8 Responses to “You Can’t Learn What You Don’t Know…”

  1. Sage the Fool June 14, 2010 at 4:35 pm #

    This should be read by anyone who tries to communicate new ideas to others. If you aren’t aware of the pre-conditioning of your audience, they may not be hearing what you think you’re teaching them.

  2. Sam June 15, 2010 at 3:05 am #

    Thanks – nice photo!

    Would you be able to do a post (or link me – you’ve probably done one already), where you talk about this creation-restoring angle of the resurrection of Christ?

    Particularly, my question would be yes – Christ’s resurrection is cosmic in scope, and will ultimately bring about the redemption of creation, but why is it something we, as those in Christ, do now? Are we agents of this creation-restoration in any way other than by being Christ’s ambassadors?

  3. Siufung June 15, 2010 at 4:08 am #

    I have a similar experience when I teach in the (smaller) theological colleges here in Australia. It’s quite frustrating. But you’re right, I just have to be patient and keep working on it.

    (Thank you for your blog, by the way. I am learning heaps from you. And I really like your book, Unlocking Romans.)

    • J. R. Daniel Kirk June 15, 2010 at 9:11 am #

      Thanks for the kind words, Siufing.

      Perhaps part of the answer is being more clear about where what we’re saying contrasts with what they’re thinking. That, of course, entails knowing what they’re likely bringing through the door with them!

  4. J. R. Daniel Kirk June 15, 2010 at 9:10 am #

    Sam,

    I think that I deal with some of it in my recent CT article, “A Resurrection that Matters”.

    My theological grid for understanding salvation is one of grabbing hold of the future and bringing it to bear on the present. Inaugurated eschatology is the reason we can say we’re justified, adopted, sanctified, glorified, God’s children, etc.

    That individualized realization of the future is part of a corporate inauguration of our future identity as God’s people. If the future is people from every nation, tribe, and tongue bowing down before God and the Lamb, the present is to be a foretaste where “we all together, with one voice, glorify the God and father” (Romans 15).
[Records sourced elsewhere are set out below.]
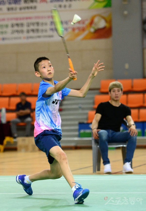 17일 전라남도 화순 하니움문화스포츠센타와 이용대체육관에서 열린 제10회 ‘이용대 올림픽제패기념 2019 화순 전국학교대항 및 실업대항 배드민턴선수권대회’ 남자초등부 결승 1단식에서 대전매봉초 최아승이 리턴을 하고 있다.
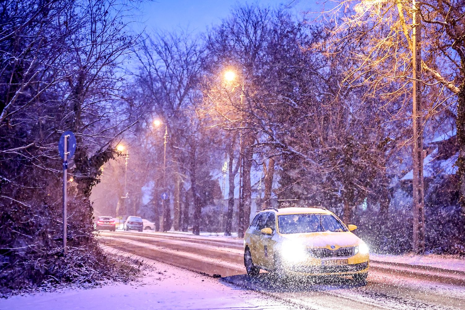 1月5日,在匈牙利布达佩斯,一辆汽车在雪中行驶。
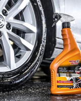 Felgenreinigungsmittel Moje Auto WHEELS SUPER SILNY ist ein saures Reinigungsmittel zum Reinigen und Waschen von Autofelgen, das besonders hartnäckige Verschmutzungen entfernt, Verfärbungen verhindert und beschädigtes Aluminium regeneriert. es entfernt effektiv Bremsbelagablagerungen und anderen Straßenschmutz. Es eignet sich zur Reinigung von Alu- und Stahlfelgen. Es verhindert Korrosion, verleiht Glanz und stellt gereinigten Oberflächen den ursprünglichen Glanz wieder her. Verhindert Verfärbungen durch Ablagerungen von Bremsbelägen. Reinigt und regeneriert Aluminium. Sie suchen ein Produkt zur Reinigung von Stahl- und Aluminiumfelgen mit außergewöhnlichen Reinigungseigenschaften? Wetten Sie auf Moje Auto Felgenreiniger Superstarkes Mittel zur Reinigung extrem hartnäckiger Verschmutzungen! Dies ist ein Produkt, das Aluminiumfelgenoberflächen reinigt und regeneriert und selbst starken Schmutz durch Bremsstaub oder Teer entfernt! Stellen Sie den Glanz sauberer und gepflegter Felgen wieder her, um eine ordnungsgemäße Belüftung der Bremssystemkomponenten sicherzustellen.
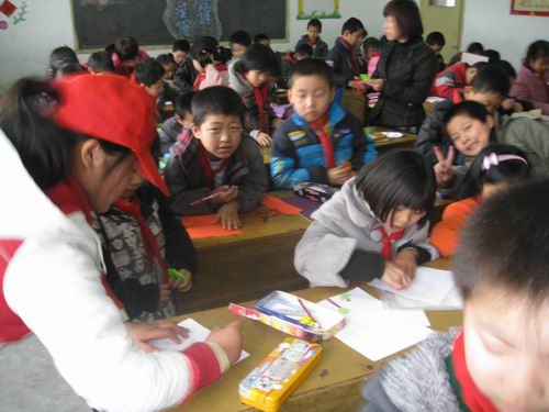 2009年3月11 日下午,吃瓜网 人文思源的16名志愿者来到益民小学,组织孩子进行了一场书签制作比赛。
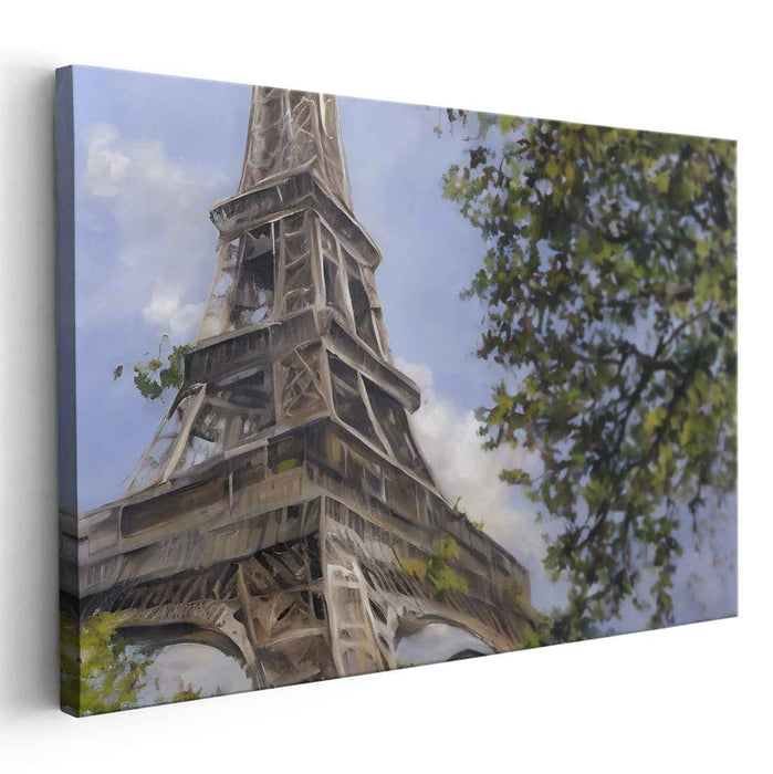 Introducing the stunning canvas art print, 'Eiffel Tower Elegance,' a mesmerizing portrayal of the iconic Eiffel Tower from a unique perspective that highlights its majestic presence against a tranquil sky. This artwork captures the intricate iron lattice of the architectural wonder with a perfect blend of realism and impressionistic strokes, showcasing the artist's exceptional skill in rendering both detail and emotion.
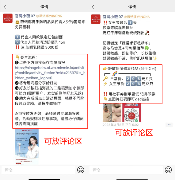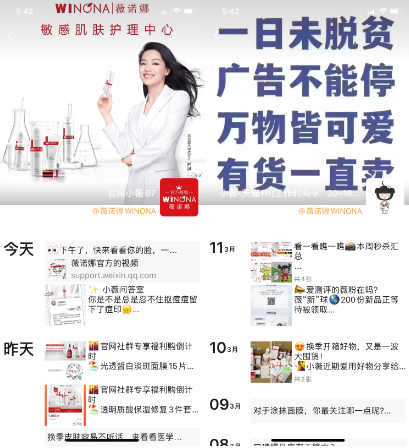 公众号渠道:官网小薇的朋友圈发送频次为2-4条,发布的内容主要为产品优惠为主,偶尔有用户互动、护肤知识分享、品牌。
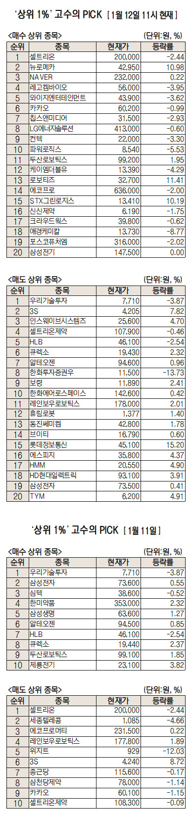 미래에셋증권(006800)에서 거래하는 고수익 투자자들이 12일 오전 가장 많이 순매수한 종목은 셀트리온(068270)으로 나타났다. 뉴로메카(348340), 네이버(NAVER(035420)), 레코켐바이오 등도 순매수 상위권에 이름을 올렸다.

    From individual to corporate, I think we are right to take the next step to “cosmic”. “If anyone is in Christ–new creation! The old things have gone away. Behold! New things have come.” In his book, When the Kings Come Marching In, Rich Mouw has a section entitled, “What are the ships of Tarshish doing here?” He points out how in both Isaiah and Revelation the final pictures of God being glorified in the Holy City include things we would have assumed to have been destroyed in the earlier purifying purges.

    But somehow, the kings of the earth bring the glory of the nations in. What glory might the nations have that is pure and undefiled and therefore worthy to be brought into the Holy City? Somehow, the realm of redemption extends beyond the persons and people of God.

    Or, if you prefer the theology of Gladiator, “What you do here will echo through the halls of eternity!”

  5. Sam June 15, 2010 at 10:27 am #

    Thanks Daniel, that’s very clear. I certainly appreciate the “appropriating the future now aspects of redemption” for the persons and people of God – I’ll have to think about the cosmic category! Initial suggestion would be that perhaps the only category is the redemption of the people of God; the others are implications of that central redemption?

    • J. R. Daniel Kirk June 15, 2010 at 10:34 am #

      Hmmm… I might say that the only category is new creation, one that is inaugurated with the creation of a new humanity in the resurrected Christ. But it might just be that they all come together and you can’t have one without the other.

  6. Sam June 16, 2010 at 12:35 pm #

    I have had similar experiences when working with people at my church. I think the natural human reaction, when we hear something different, is to try and relate it to something we already know or are familiar with it. So what ends up happening is that what is familiar is the grid through which the new stuff is heard, which makes it not being so different. I guess we got to know our audience. We got to guess what they will latch onto and then try and get them not to do it.